BTW the first 300 iterations are pretty slow (2.22s/it on A6000), but at the last 200 iters it's 1.47it/s (3.26x of the first 300 iters). Seems the prompt conditioning takes a lot of time. Have you tried to apply prompt conditioning once every N iterations to speed things up?
It is great to see that you have successfully run MotionClone 😄. Feel free to try various prompts. When we ran the astronaut example, we successfully obtained bright result like this:
Guidance on every step of the first 300 steps. Took 802s. https://github.com/Bujiazi/MotionClone/assets/1575461/5533e38b-3c52-4cad-a836-e7d800bfe3a9
Guidance on 1 out of every 3 steps of the first 300 steps. Took 493s (40% speed up). https://github.com/Bujiazi/MotionClone/assets/1575461/1c940837-78ed-4a1d-a5d4-55cffe799969
The cross-frame consistency looks worse. Despite that, it looks ok.
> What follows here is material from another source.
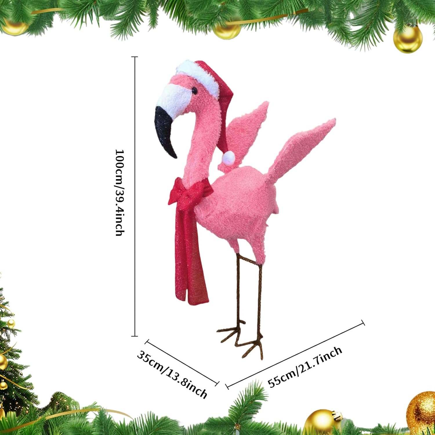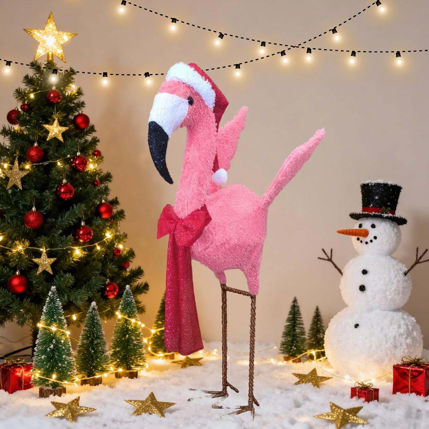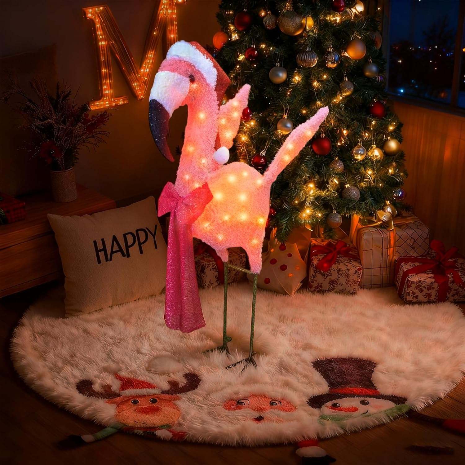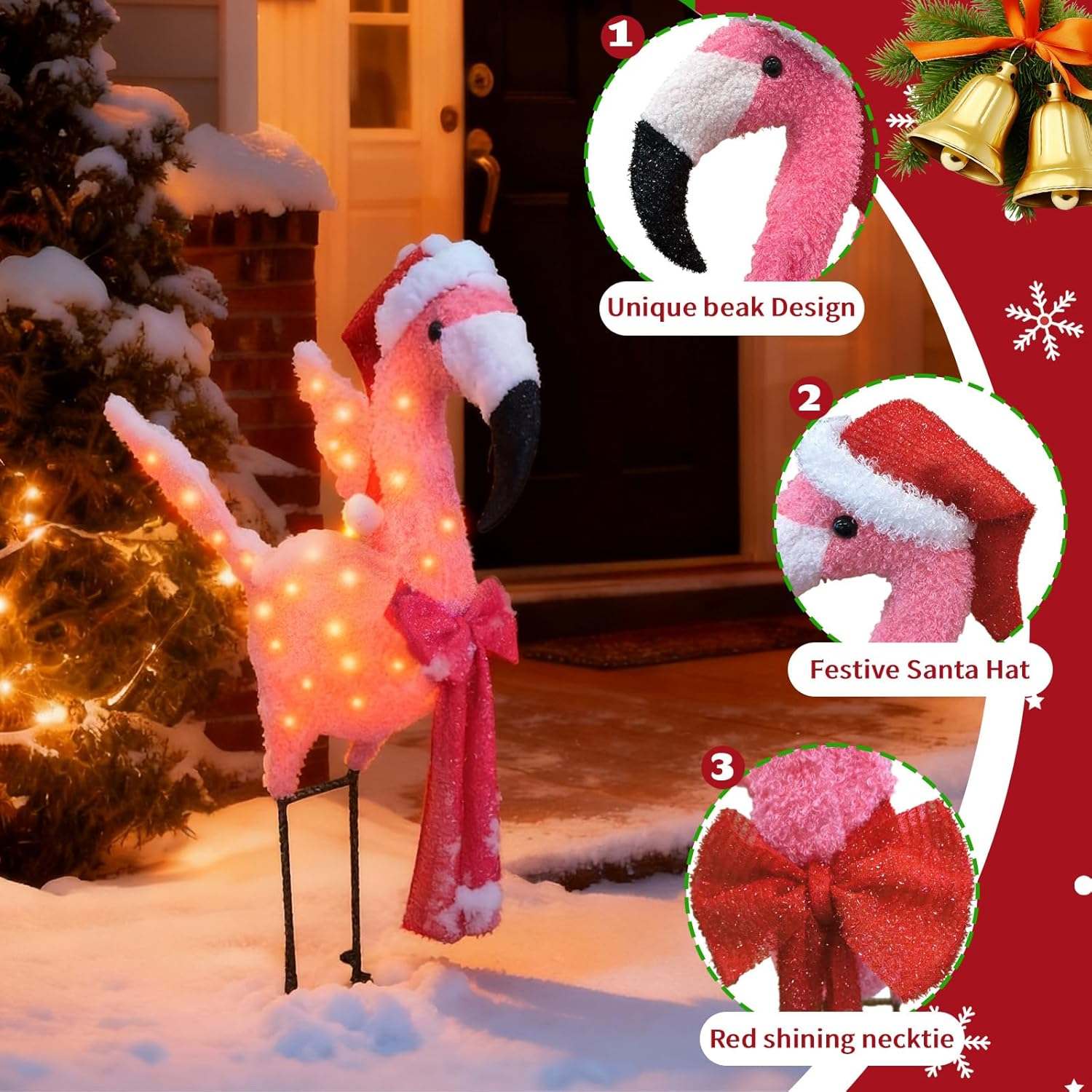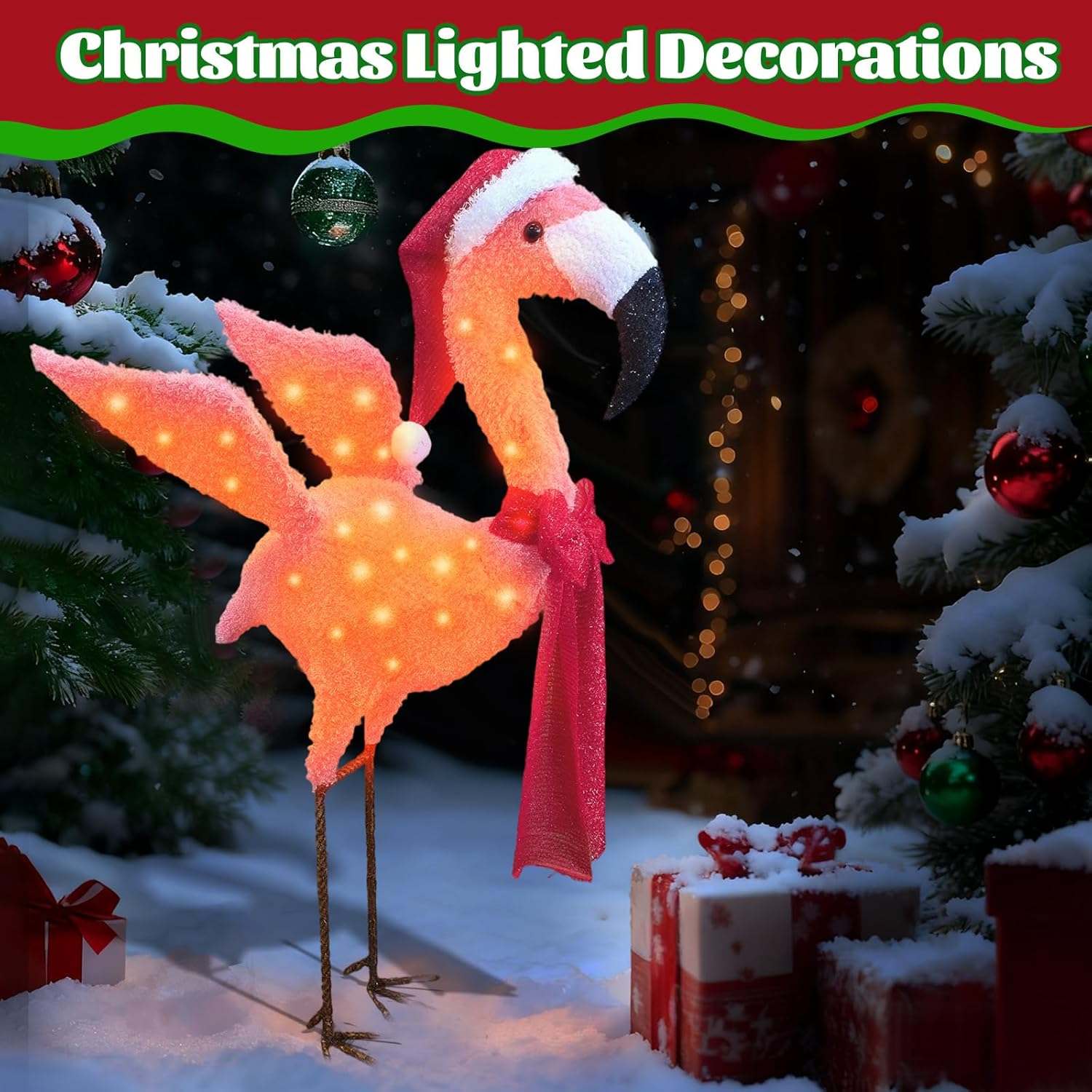 Celebrate the legend of Rudolph with this stunning 3D Lighted Christmas Flamingo Outdoor Decoration with Santa Hat & Scarf, Pink Yard Décor, Warm White Glow for Holiday Lawn, Porch & Garden Displays, festive glow to any indoor or outdoor space. Crafted with a durable metal frame and shimmering fabric, it’s easy to install and built to last through many joyful Christmases. Perfect for front doors, windows, garages, and holiday gatherings — let Rudolph welcome everyone with holiday cheer!

Guidance once every 2 steps of the first 300 steps (skip half). Now it looks as good as without skipping, but only takes 572s (30% speed up) https://github.com/Bujiazi/MotionClone/assets/1575461/4d6ea298-b792-4bcc-ab77-51f012f9d5af
Thank you very much for your exploration 🌹, the results are indeed impressive 😘. We also attempted a similar skipping mechanism in the early stages of our experiments, but found that it was not very stable and had a probability of failing in certain cases, maybe the steps we skipped were too large. We will consider incorporating a stable skipping mechanism in future optimized versions to accelerate inference.
Glad that it helps! Will go back to integrate my component 😄
Glad that it helps! Will go back to integrate my component 😄
We have updated the code. Now MotionClone is able to 1) directly performs motion customization without cumbersome video inversion ; 2) significantly reduces memory consumption. In our experiments, For 16×512×512 text-to-video, the memory consumption is about 14GB . For MotionClone combined with image-to-video or sketch-to-video, the memory is about 22 GB. Hope this helps.
I tried to do inference with the following command:
python3 sample.py --config configs/inference_config/astronaut.yaml
(The only thing I changed is used a revised version of RealisticVision, and fixed some mismatching ckpt key names)It produces a video tensor in which all elements are nan:
I've checked and made sure the inversion file
inversion/inverted_data_astronaut.pkl
doesn't contain nan values (the 'all_latents_inversion' and 'inversion_prompt_embeds' tensors look normal).Any thought why this might happen? Thanks.